= Data in this exercise =
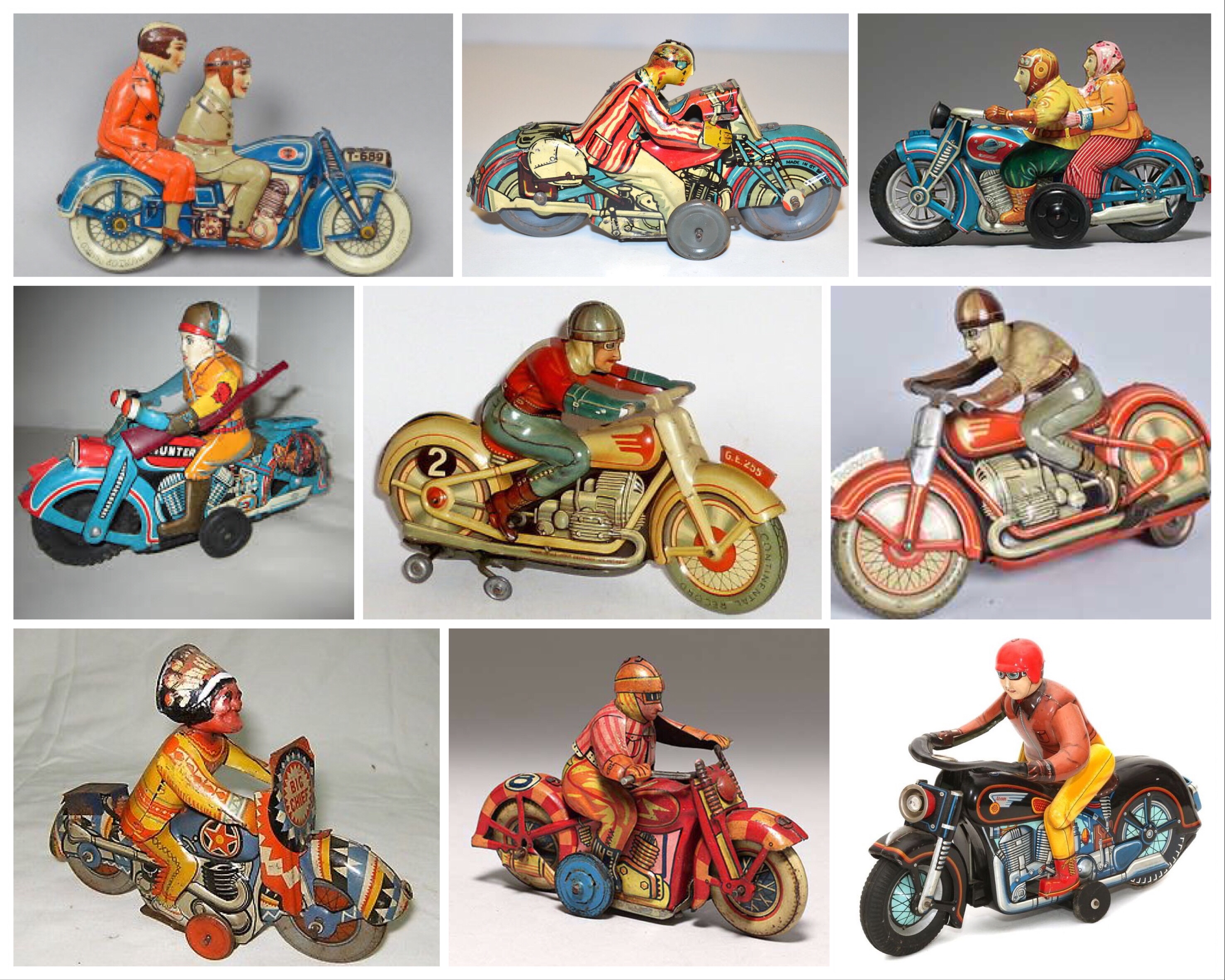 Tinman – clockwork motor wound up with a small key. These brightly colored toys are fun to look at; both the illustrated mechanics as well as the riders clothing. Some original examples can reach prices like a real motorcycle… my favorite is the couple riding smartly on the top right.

--

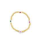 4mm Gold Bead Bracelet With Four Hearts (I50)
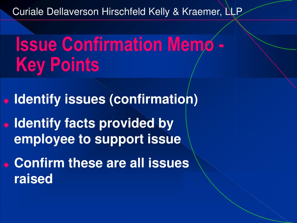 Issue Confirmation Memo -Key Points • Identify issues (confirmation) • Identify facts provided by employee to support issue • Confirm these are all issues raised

--

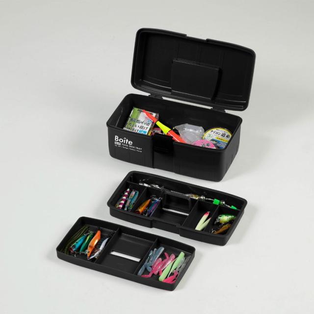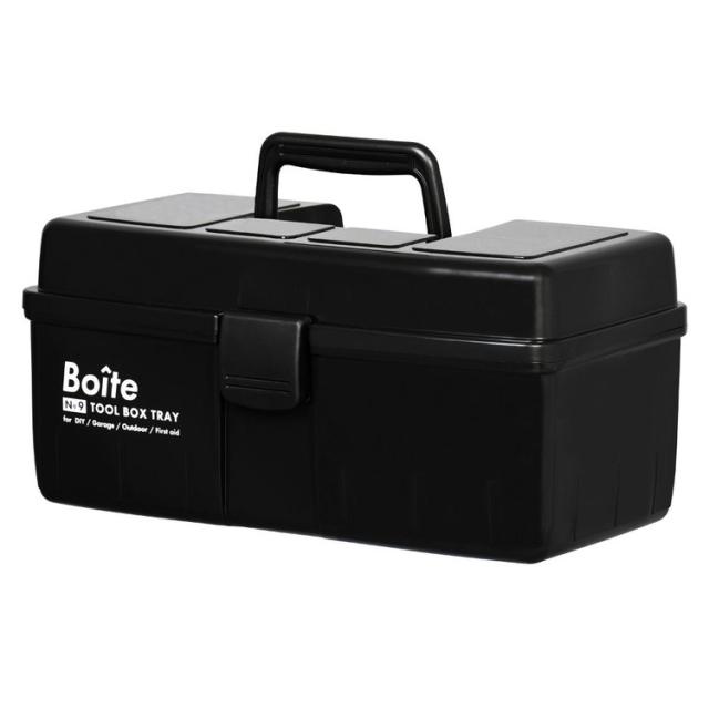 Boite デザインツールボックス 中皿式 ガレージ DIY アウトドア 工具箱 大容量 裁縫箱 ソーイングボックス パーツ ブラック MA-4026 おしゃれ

= Exercise prompt =
Leaving each picture behind, please give again exactly the lines above from the one with "4mm Gold Bead" through the one with "Issue Confirmation Memo", both included, and no others.

= Final answer =
 4mm Gold Bead Bracelet With Four Hearts (I50)
 Issue Confirmation Memo -Key Points • Identify issues (confirmation) • Identify facts provided by employee to support issue • Confirm these are all issues raised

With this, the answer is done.